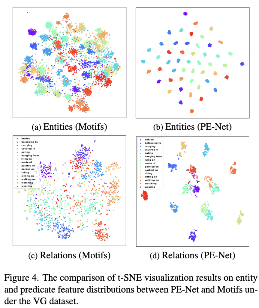 정성적 분석: 저자는 t-SNE 기법을 사용하여 객체와 술어의 특징 분포를 시각화하였으며, 그 결과는 그림 4에 나와 있습니다. 그림 4(a)와 그림 4(b)를 비교하면, PE-Net이 Motifs보다 더 구별되는 객체 표현을 생성하는 것을 알 수 있습니다. 또한, 그림 4(c)에 나타난 Motifs의 관계 특징 분포는 클래스 내 변동성이 크고, 클래스 간 중첩이 심한 것을 보여줍니다. 이러한 경우, SGG 모델이 정확한 관계 인식을 위한 완벽한 결정 경계를 학습하기 어렵습니다. 반면, PE-Net이 학습한 관계 표현은 클래스 간 구별성과 클래스 내 압축성이 높아 관계 예측 성능을 더 정확하게 할 수 있습니다.
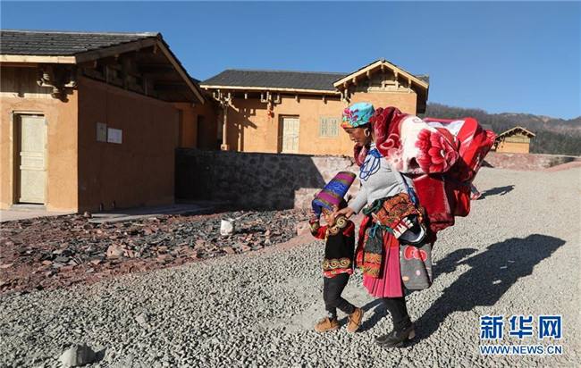 在昭覺縣三河村易地扶貧安置點,馬海阿依帶著女兒搬進新居(2月11日攝)。2月11日,三河村首批29戶、168人告別居住多年的土坯房,搬入易地扶貧安置點的新家。新華社記者 江宏景 攝
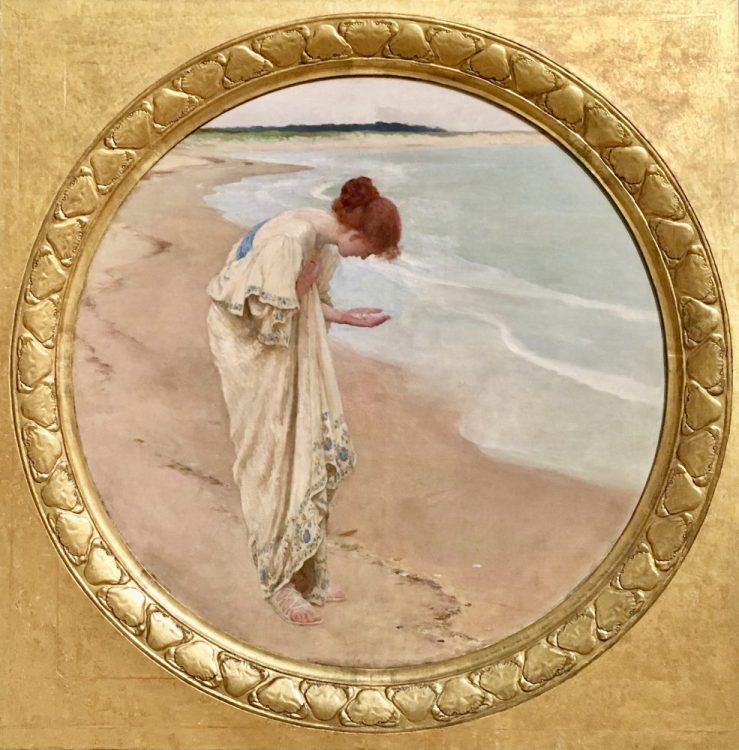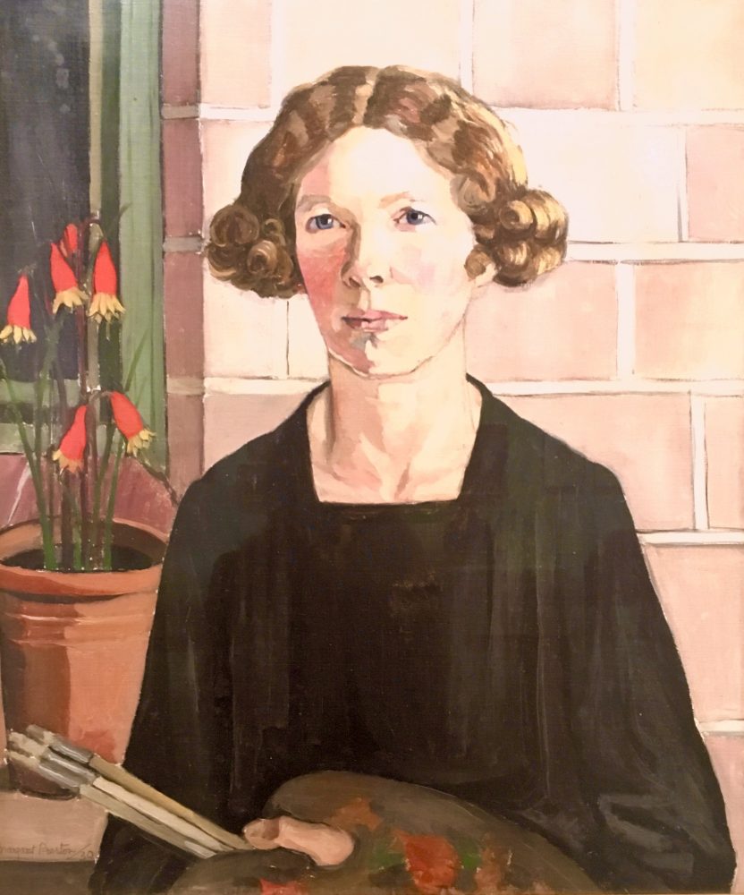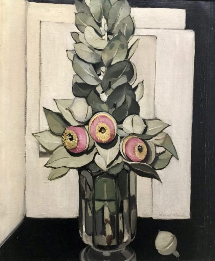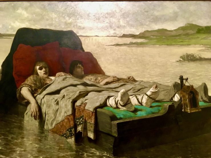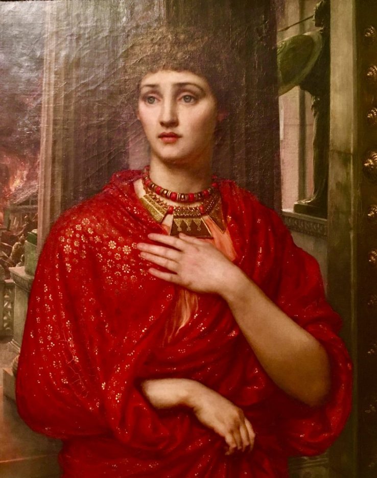 Self-portrait by Margaret Preston of Australia, 1930.“Western Australian gum blossom,” by Margaret Preston of Australia, 1928.“Helen,” by Edward John Poynter of England, 1881 (Helen of Troy was a great beauty — the sitter for this is actress Lillie Langtry.)“The sea hath its pearls,” by William Henry Margetson of England, 1897 (he did the frame too!)“Study of a head: still as a bud whose petals close,” by Edward Onslow Ford of England, 1895.“The sons of Clovis II,” by Évariste Luminais of France, 1880 (Interesting signage explains: “The rebellious sons os the7th-century Merovingian King of France, Clovis II, were punished by their mother who ordered them to be hamstrung and set adrift on the river Seine.”)“The warrior, from the series Mubarizun – no more,” by Adeela Suleman of Pakistan, 2014.My husband, as you can see, took some liberties as a photographer.

Task to complete. The copy must match the listing above exactly, except that it holds no pictures.

Result for this exercise.
 정성적 분석: 저자는 t-SNE 기법을 사용하여 객체와 술어의 특징 분포를 시각화하였으며, 그 결과는 그림 4에 나와 있습니다. 그림 4(a)와 그림 4(b)를 비교하면, PE-Net이 Motifs보다 더 구별되는 객체 표현을 생성하는 것을 알 수 있습니다. 또한, 그림 4(c)에 나타난 Motifs의 관계 특징 분포는 클래스 내 변동성이 크고, 클래스 간 중첩이 심한 것을 보여줍니다. 이러한 경우, SGG 모델이 정확한 관계 인식을 위한 완벽한 결정 경계를 학습하기 어렵습니다. 반면, PE-Net이 학습한 관계 표현은 클래스 간 구별성과 클래스 내 압축성이 높아 관계 예측 성능을 더 정확하게 할 수 있습니다.
 在昭覺縣三河村易地扶貧安置點,馬海阿依帶著女兒搬進新居(2月11日攝)。2月11日,三河村首批29戶、168人告別居住多年的土坯房,搬入易地扶貧安置點的新家。新華社記者 江宏景 攝
 Self-portrait by Margaret Preston of Australia, 1930.“Western Australian gum blossom,” by Margaret Preston of Australia, 1928.“Helen,” by Edward John Poynter of England, 1881 (Helen of Troy was a great beauty — the sitter for this is actress Lillie Langtry.)“The sea hath its pearls,” by William Henry Margetson of England, 1897 (he did the frame too!)“Study of a head: still as a bud whose petals close,” by Edward Onslow Ford of England, 1895.“The sons of Clovis II,” by Évariste Luminais of France, 1880 (Interesting signage explains: “The rebellious sons os the7th-century Merovingian King of France, Clovis II, were punished by their mother who ordered them to be hamstrung and set adrift on the river Seine.”)“The warrior, from the series Mubarizun – no more,” by Adeela Suleman of Pakistan, 2014.My husband, as you can see, took some liberties as a photographer.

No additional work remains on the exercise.